A. The early perspectives on Law and Geography: Regional Legal Studies
and Impact Analysis
The idea that geographical factors interact with law and the legal systems is not new
to legal theorists. Comparative legal studies and the sociology of law have been
were two of the first schools of thought that were concerned with the dynamics
between law and geography (Economides et al., 1986, p. 163). One of the first to
emphasize the relation between law and geography was Montesquieu, who showed
a clear r concern with the impact of climate on the development and configuration of
legal systems (1748, Chapters XIII–XVIII). This concern maintained itself during the
20th century, when early comparativists and sociologists of law –such as John H.
Wigmore, Eugin Ehrlich, and Nicholas Timasheff—considered space as a variable
to be considered when trying to explain legal variation, even getting to propose the
use of geographic methods over ethnology or legal history to analyse these
variations (Economides et al., 1986, p. 164). These approaches were furthered with
the works of René David and his pioneer work on legal cultures, that were
characterized by a non-deterministic approach (Economides et al., 1986, p. 165).

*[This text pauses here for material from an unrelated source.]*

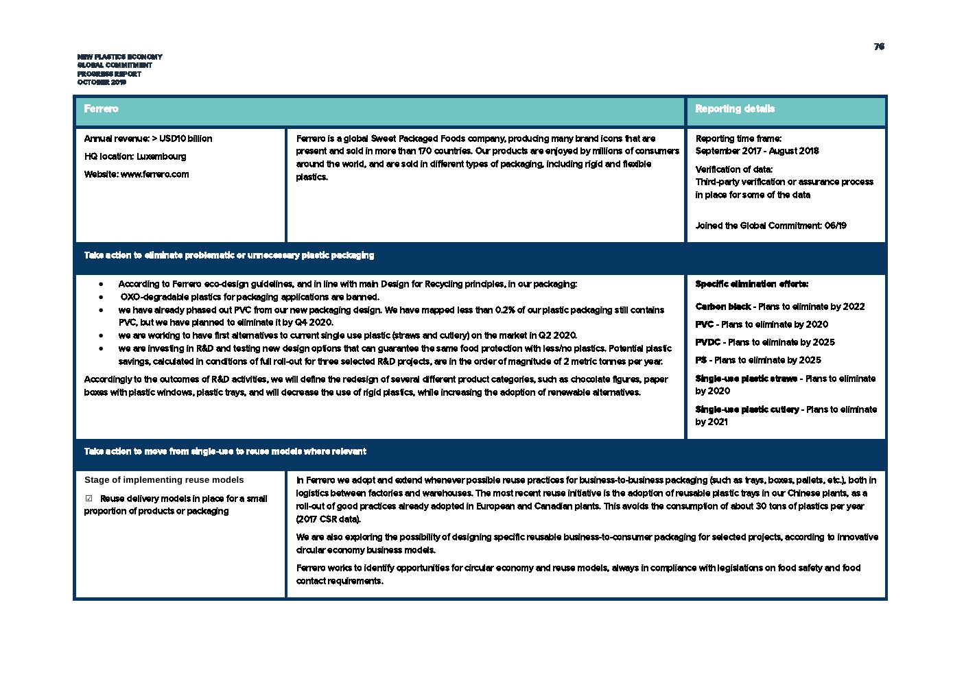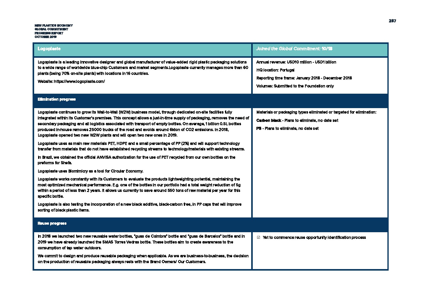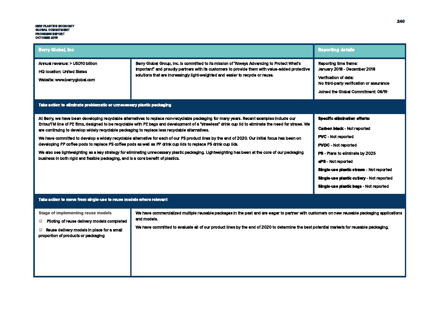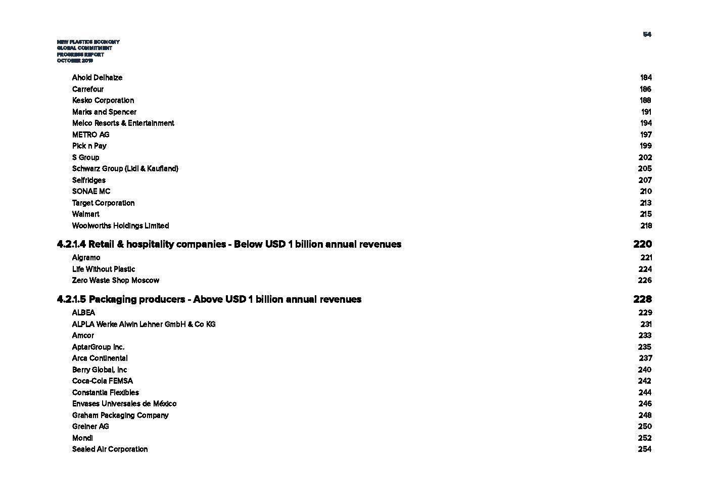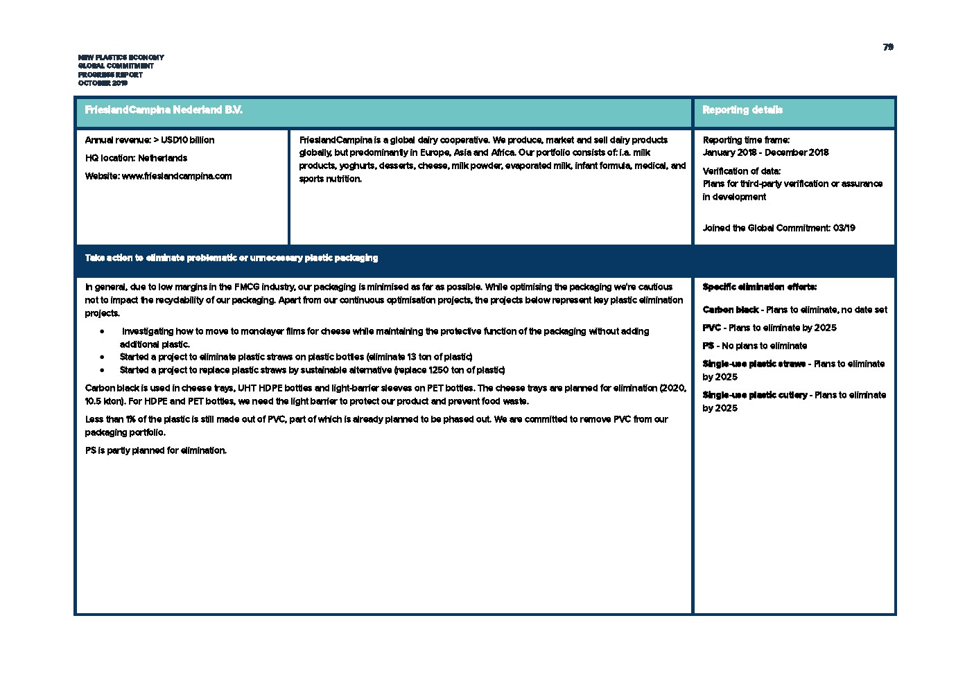 签署承诺的企业中有35家已经披露其塑料生产或使用的总量。达能、雀巢和可口可乐甚至提供了包装类型和塑料类型方面的数据。

Concepts such as “geojurisprudence” –that is concerned with the distribution of laws,
legal systems and land (Easterly III, 1977, p. 210)— also came forward within these
approaches, but it did not go far beyond the insights proposed by René David as it
focus: “…almost exclusively on mapping the global distribution of legal systems
without attempting to produce an ecology of law which could clarify the processes
by which law interacts with the physical and human environment” (Economides et
al., 1986, p. 165).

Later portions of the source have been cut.